Eisnor also said state health departments should now be able to see local orders and usage from drugstore chains like CVS, and that the agency hopes to post weekly national data online soon. But counties like Los Angeles — which have unsuccessfully applied for access to federal systems — still don’t have access to the data they need to focus outreach efforts or spot emerging disparities.

Spokesman Tim Granholm said HHS is looking at ways to share additional data with the public.

Recordings of the weekly meetings, in which HHS officials share updates on distribution plans and answer questions from public health workers, pharmacists and clinicians, were posted online through March. HHS’ media office has since repeatedly refused to grant KHN access, saying “the recordings are not open to the press.” That’s because HHS wants to encourage open conversation during meetings, according to Granholm. He did not specify which legal authority authorizes the ministry to ban the media from public meetings. KHN obtained the public records through Freedom of Information Act requests.

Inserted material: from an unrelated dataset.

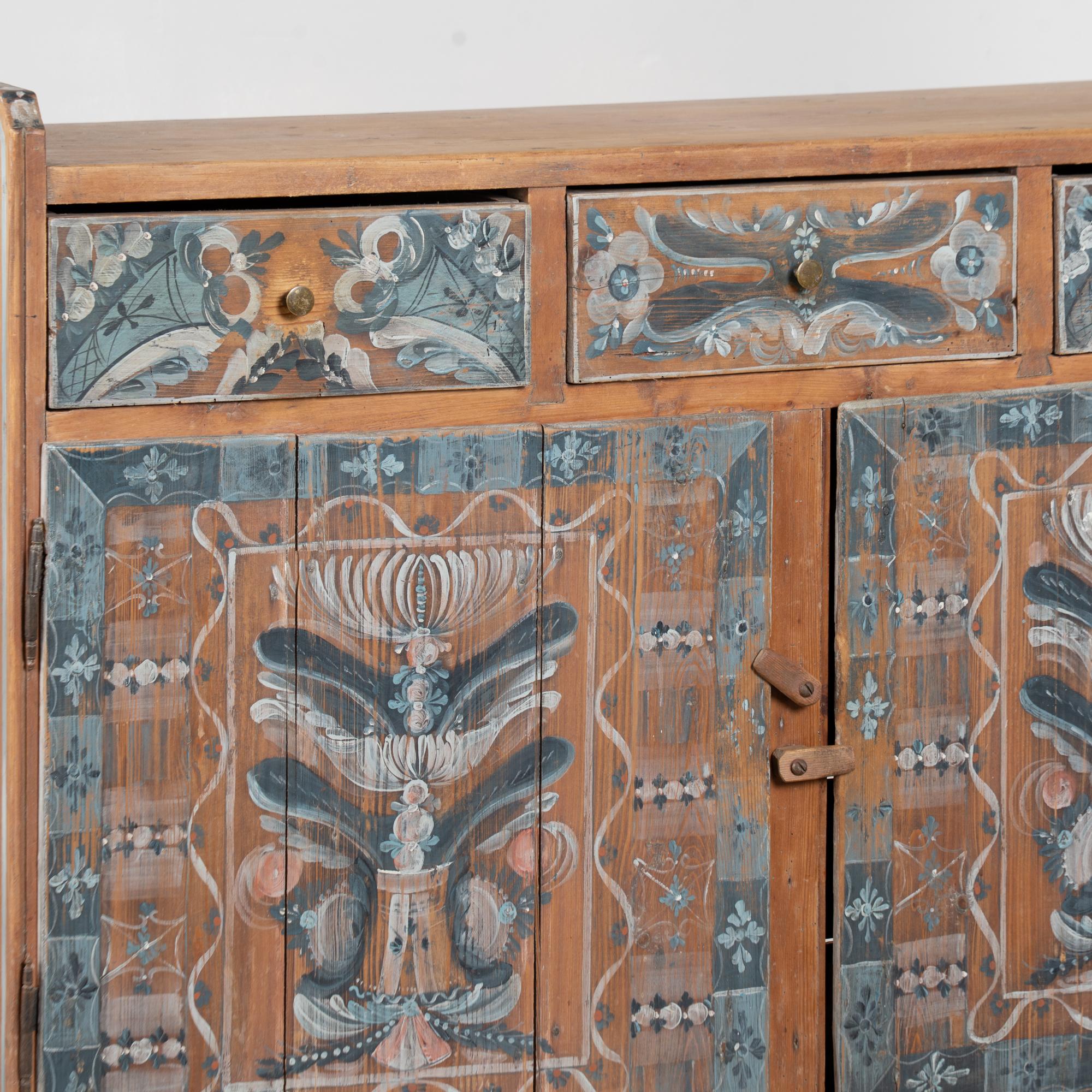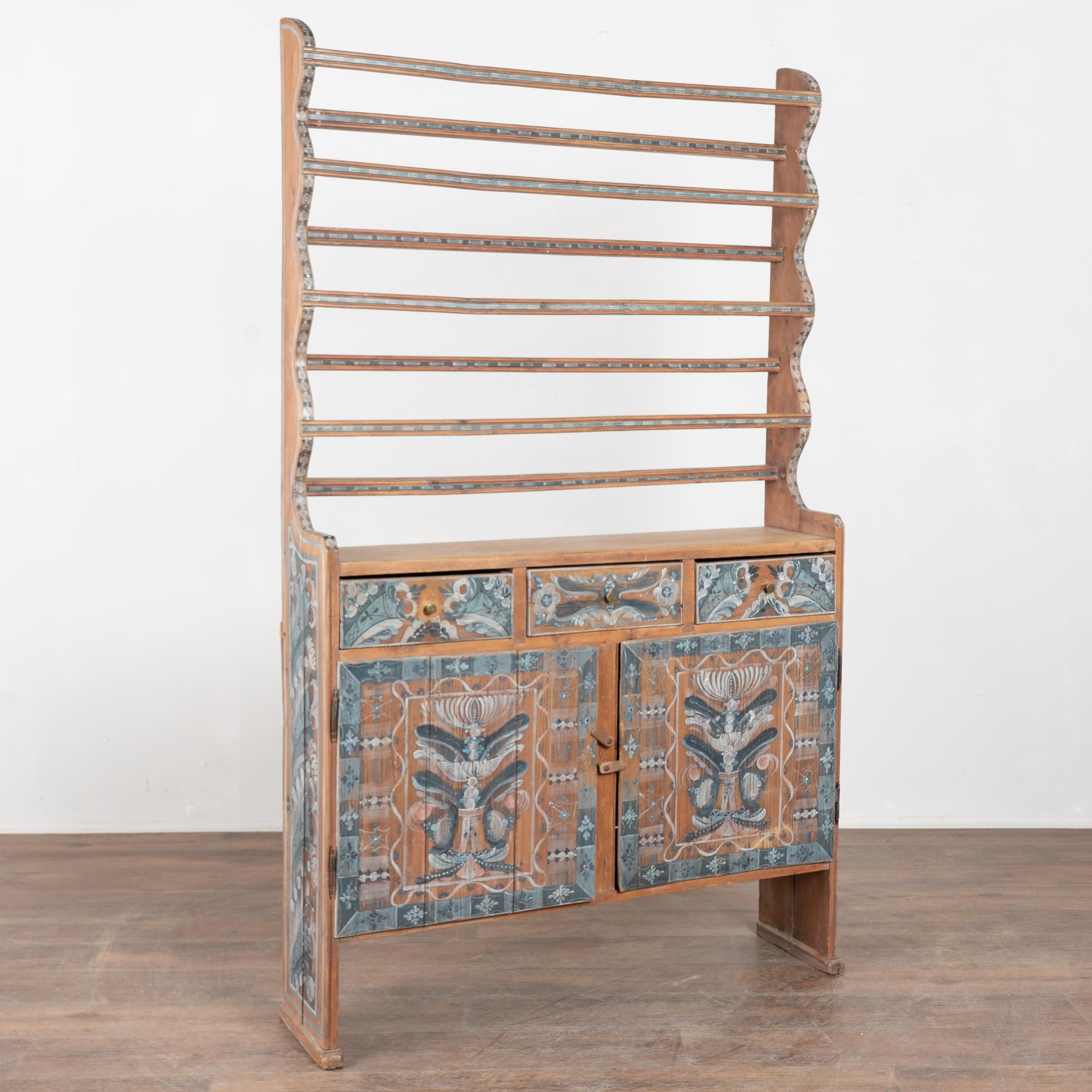 Early 19th-century Swedish narrow cupboard crafted in pine, featuring an upper plate rack, three small drawers, and lower cabinet doors. The piece retains its original hand-painted finish in soft blues and grays, distinctive of northern Sweden and likely associated with the Dalarna region. The interior is painted brick red, creating a strong visual contrast.

A senior White House official said the Biden administration is trying to collect accurate data on the number of people receiving Paxlovid and other treatments, but said it does not define success by the number of people who were doing it. Its goal, the official said, is to ensure that the public knows that treatments are available and that doctors and other providers understand which patients are eligible for them.

We still need to know where the pills go, Feehan said. “We need this data as soon as humanly possible.”

Until then, Los Angeles County’s Kurian and his peers will continue to “guess” where residents need more help. “If someone can just give us a report with that information,” she said, “of course that makes it easier.”